Moreover, Abood justified its “common cause” rationale by claiming it should defer to congressional policy in the National Labor Relations Act relating to private unions. But the act does not even apply to state and local government employees. Rather, state law controls whether and how they can unionize, and only a minority of states even permit compelled agency fee arrangements. Thus, the payments the unions claim are essential to their survival are illegal in many states. Another interesting historical fact: President Franklin D. Roosevelt, who signed the National Labor Relations Act, believed that public employees should not even be allowed to unionize. History is not on the unions’ side.

• None of the current justices endorse Abood’s rationale. In 2014, the Supreme Court’s Harris v. Quinn case offered a preview of the arguments in Friedrichs. The majority concluded it did not need to overrule Abood to decide that case, and it struck down Illinois’ agency fee regime for home health care workers in a 5-4 decision. But the majority left little doubt that it thought Abood’s rationale could not survive the “exacting scrutiny” normally applied to compelled-speech claims.
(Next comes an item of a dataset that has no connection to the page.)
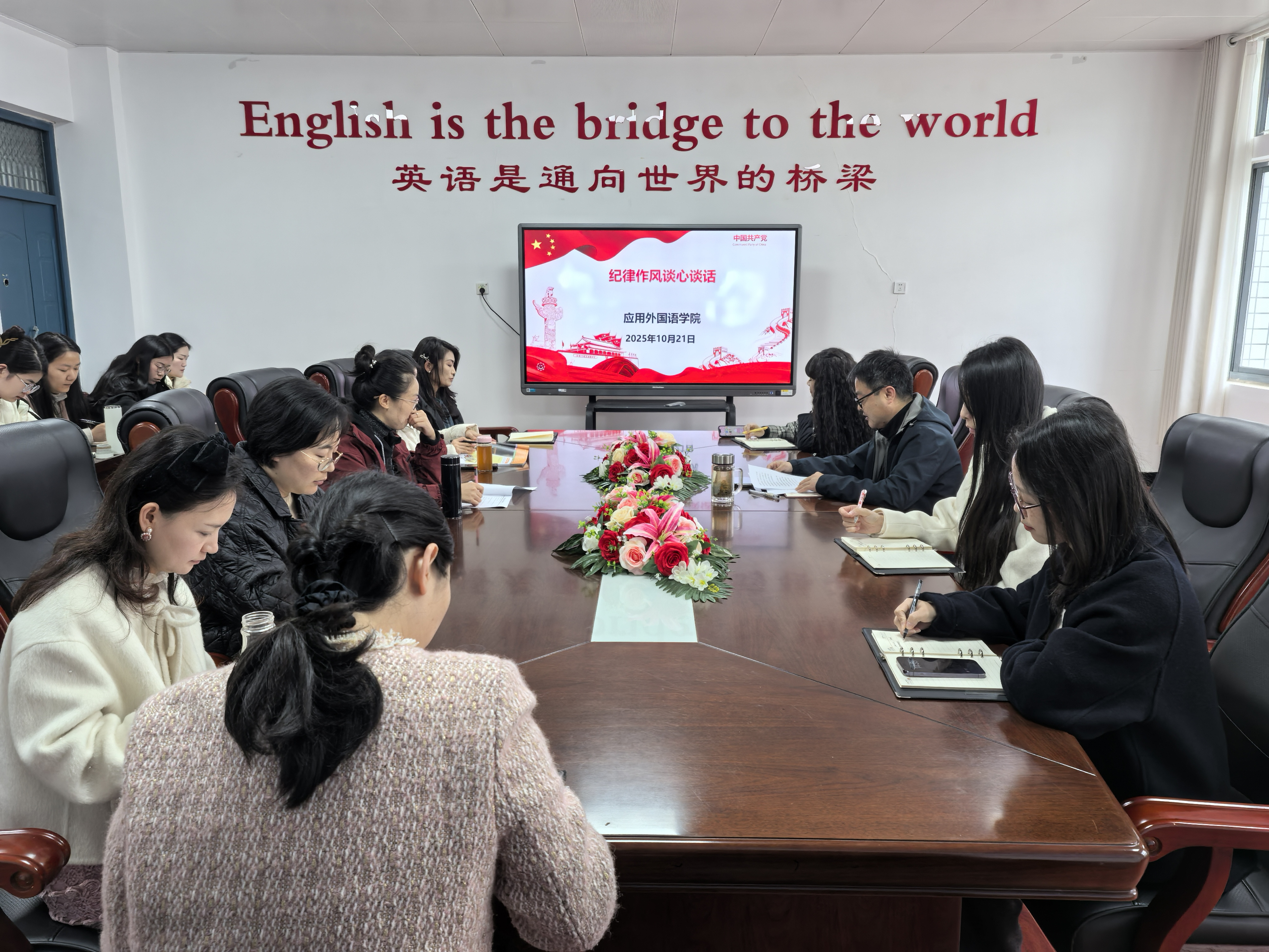 为深入贯彻落实公司党委关于开展“纪律规矩教育月”及“青年知廉”警示教育活动的统一部署要求,切实增强公司党员干部及青年教师的纪律意识、规矩意识和廉洁自律能力, 2025年10月22日,304永利集团在2406会议室组织召开“面对面”纪律作风谈心谈话会。公司党总支书记徐昊与教研室负责人、青年教师代表进行了集体谈心谈话。

Justice Elena Kagan, writing for the minority, argued for the survival of Abood’s result, but not its rationale. In a major shift, she argued that Abood’s regime promotes efficient management of government employees, so it should survive less exacting First Amendment scrutiny under a decision called Pickering v. Board of Education (1968). But that case considered only whether a school teacher could be disciplined for speaking out on matters of public concern — it didn’t deal with union fees at all.
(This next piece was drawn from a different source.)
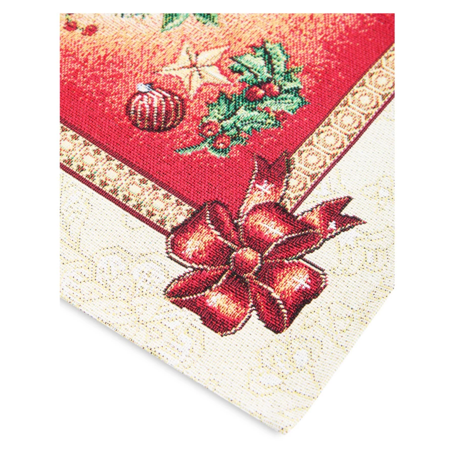 Столовый текстиль с уникальным праздничным дизайном из коллекции «Биг Санта» — сосредоточие новогоднего и рождественского волшебства, живущего буквально в каждой детали. Изысканные сервировочные салфетки и скатерти наполнят ваш дом весельем и ожиданием чуда. Роскошные текстильные изделия от бренда Eurotex сшиты из гобеленового полотна, обладающего высокой прочностью, хорошей устойчивостью к механическим повреждениям и долговечностью. Приятный на ощупь текстиль предназначен для повседневного использования, он не дает усадку и не деформируется. Рисунок, образующийся при переплетении разноцветных нитей, сохраняет яркость и насыщенность даже после многочисленных стирок.
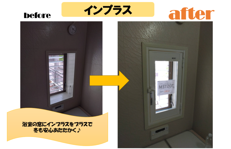 みなさんこんにちは(^^♪ 本日は浴室の窓に内窓【インプラス】を設置した 施工例をご紹介いたします! 施工前 ⇩ 施工後 浴室窓に内窓を設置するだけで...

In their Friedrichs briefs, the unions took a similar approach, generally refusing to defend Abood on the merits, while at the same time arguing it should not be overruled because it has been around for nearly 40 years (which is not long in Supreme Court time). All of this misdirection signals that Abood is on life support.

• Allowing choice is not a death knell for public unions. Public employee unions survive, and even flourish, in states that outlaw compelled agency fees. Indeed, federal law forbids federal employee unions to impose an agency fee. Where is the outcry that those federal unions can’t survive?

Doomsday talk about free-riding teachers not paying their “fair share” can’t be squared with the state of luxury in which CTA and other wealthy unions now operate. The Friedrichs complaint shows that the state currently funnels roughly $200 million per year to CTA in union dues and agency fees, of which the union claims nearly $125 million is needed for bargaining (even though collective bargaining agreements last for several years). That leaves another $75 million per year for political contributions and lobbying. This money-making machine allows CTA to dominate California politics.

With this much gravy, CTA privately admits to its members that it can survive a defeat in Friedrichs. In a PowerPoint demonstration titled “Not if but when: Living in a world without fair share,” CTA promised members that “[p]lanning, organizing, and preparedness will ensure our continued organizational strength and survival.”

The court should correct Abood’s mistake and end the unfair confiscation of public employees’ wages for causes they do not support.

Bradley Benbrook practices law at Benbrook Law Group in Sacramento, Calif. His firm filed an amici brief for constitutional law professors in Friedrichs.